-- What you have to do --
Beginning at the line that contains "Рис. 1. Р-гр. при поступлении (9.01.1995)" and finishing at the line that contains "Figura 1 – Aspecto", output the data below exactly. Include both end lines and no pictures.

-- Saved data entries --
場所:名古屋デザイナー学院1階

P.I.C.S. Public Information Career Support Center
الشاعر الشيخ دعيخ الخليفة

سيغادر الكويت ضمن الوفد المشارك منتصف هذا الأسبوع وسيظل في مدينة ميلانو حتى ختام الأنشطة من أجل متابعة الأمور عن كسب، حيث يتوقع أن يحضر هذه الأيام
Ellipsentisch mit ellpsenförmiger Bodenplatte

...

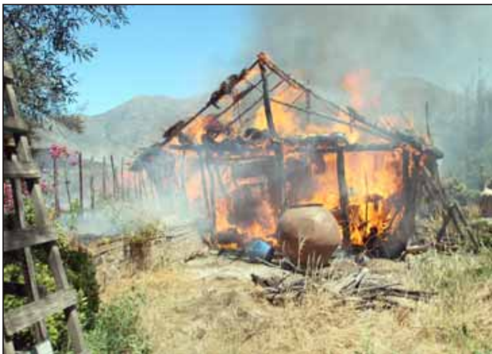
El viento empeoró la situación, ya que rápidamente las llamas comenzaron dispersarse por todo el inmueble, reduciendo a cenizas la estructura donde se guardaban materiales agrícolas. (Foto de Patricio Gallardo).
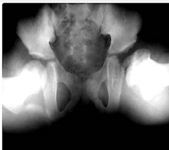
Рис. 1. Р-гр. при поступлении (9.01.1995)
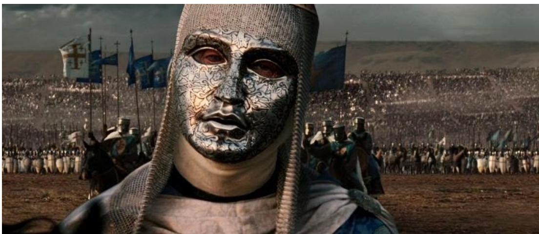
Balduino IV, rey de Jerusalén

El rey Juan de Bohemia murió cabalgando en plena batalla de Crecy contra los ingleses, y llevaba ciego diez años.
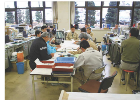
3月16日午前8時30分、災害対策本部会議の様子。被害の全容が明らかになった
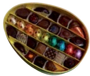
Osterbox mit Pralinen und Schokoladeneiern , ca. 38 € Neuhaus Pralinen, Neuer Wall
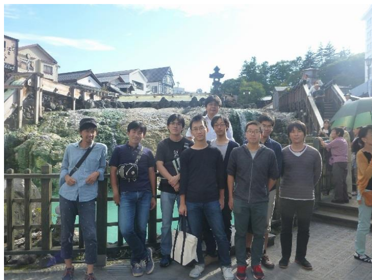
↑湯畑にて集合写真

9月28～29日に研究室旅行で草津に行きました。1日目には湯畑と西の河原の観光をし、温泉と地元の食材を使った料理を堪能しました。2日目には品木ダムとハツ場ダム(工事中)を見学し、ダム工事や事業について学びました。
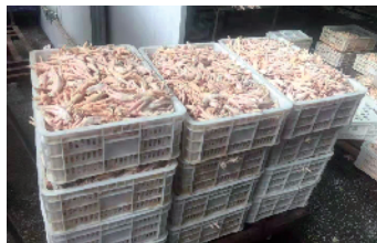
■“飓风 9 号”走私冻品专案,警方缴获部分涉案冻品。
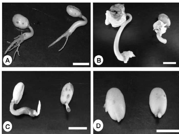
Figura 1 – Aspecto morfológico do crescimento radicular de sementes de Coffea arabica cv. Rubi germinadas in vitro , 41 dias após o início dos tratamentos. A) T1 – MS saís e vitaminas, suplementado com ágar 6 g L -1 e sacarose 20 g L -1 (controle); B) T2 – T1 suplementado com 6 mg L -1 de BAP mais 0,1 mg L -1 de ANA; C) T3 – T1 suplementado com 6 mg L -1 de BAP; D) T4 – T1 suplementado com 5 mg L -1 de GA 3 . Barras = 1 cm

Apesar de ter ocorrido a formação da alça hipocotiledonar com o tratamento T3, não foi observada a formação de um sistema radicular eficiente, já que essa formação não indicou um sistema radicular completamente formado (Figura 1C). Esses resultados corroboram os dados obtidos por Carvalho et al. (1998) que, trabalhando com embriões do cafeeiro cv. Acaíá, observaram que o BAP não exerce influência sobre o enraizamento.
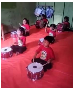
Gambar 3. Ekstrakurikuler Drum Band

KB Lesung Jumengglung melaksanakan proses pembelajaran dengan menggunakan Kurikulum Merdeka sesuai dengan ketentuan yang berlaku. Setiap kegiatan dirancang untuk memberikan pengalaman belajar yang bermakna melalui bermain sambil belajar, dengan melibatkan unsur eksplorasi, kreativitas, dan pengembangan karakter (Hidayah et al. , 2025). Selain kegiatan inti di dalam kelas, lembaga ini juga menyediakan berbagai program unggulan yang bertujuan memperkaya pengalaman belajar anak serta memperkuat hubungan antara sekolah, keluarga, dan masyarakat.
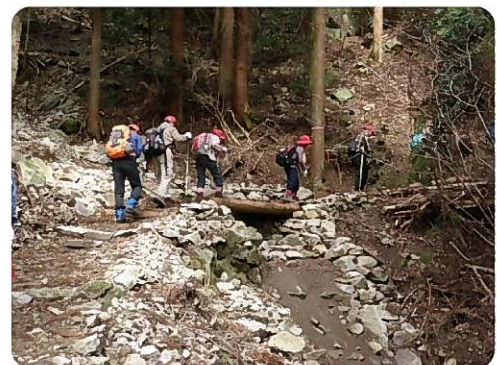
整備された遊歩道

-- Response area --
Рис. 1. Р-гр. при поступлении (9.01.1995)
Balduino IV, rey de Jerusalén

El rey Juan de Bohemia murió cabalgando en plena batalla de Crecy contra los ingleses, y llevaba ciego diez años.
3月16日午前8時30分、災害対策本部会議の様子。被害の全容が明らかになった
Osterbox mit Pralinen und Schokoladeneiern , ca. 38 € Neuhaus Pralinen, Neuer Wall
↑湯畑にて集合写真

9月28～29日に研究室旅行で草津に行きました。1日目には湯畑と西の河原の観光をし、温泉と地元の食材を使った料理を堪能しました。2日目には品木ダムとハツ場ダム(工事中)を見学し、ダム工事や事業について学びました。
■“飓风 9 号”走私冻品专案,警方缴获部分涉案冻品。
Figura 1 – Aspecto morfológico do crescimento radicular de sementes de Coffea arabica cv. Rubi germinadas in vitro , 41 dias após o início dos tratamentos. A) T1 – MS saís e vitaminas, suplementado com ágar 6 g L -1 e sacarose 20 g L -1 (controle); B) T2 – T1 suplementado com 6 mg L -1 de BAP mais 0,1 mg L -1 de ANA; C) T3 – T1 suplementado com 6 mg L -1 de BAP; D) T4 – T1 suplementado com 5 mg L -1 de GA 3 . Barras = 1 cm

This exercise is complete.